Web Technology and Consulting From a Business Point Of View

In his book “The Power of Habit”, Charles Duhigg relates a most interesting tale.  A man enters a Minneapolis area Target store and demands to talk to the manager.  The manager listens as the gentleman angrily asks why Target mailed offers and coupons for baby clothes, furniture and other maternity items to his high school-age daughter.  Embarrassed, the manager apologizes and tries to explain it must have been some kind of mistake and promises to contact Target headquarters about the matter.  A few days later, the manager calls the gentleman to apologize again.  Sheepishly, the father admits that when he returned home, he spoke to his daughter.  She was indeed pregnant.

Target’s data analysis programs predicted that she was pregnant based on the girl’s purchases.

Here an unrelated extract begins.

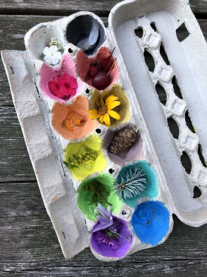 With a bit of paint and a walk outside, this eco-friendly activity turns an egg carton into a rainbow treasure box. Kids get to explore nature, collecting flowers, leaves, seeds, and petals in every color they can find.

Items such as unscented shampoo and lotions, vitamins and washcloths, as well as coupons she used, and other demographic data, all added to her customer profile.  And they are right better than 70% of the time.

As we walk, bike or drive with a smart phone, GPS, or tablet device, systems track our location. When we get email, go to a website, text, tweet or Facebook, our actions are stored.  Credit card data, on line purchases, coupons and gift cards used, and much more data, is all stored and analyzed for trends, patterns and anomalies. Why? All the better to market to you, my dear!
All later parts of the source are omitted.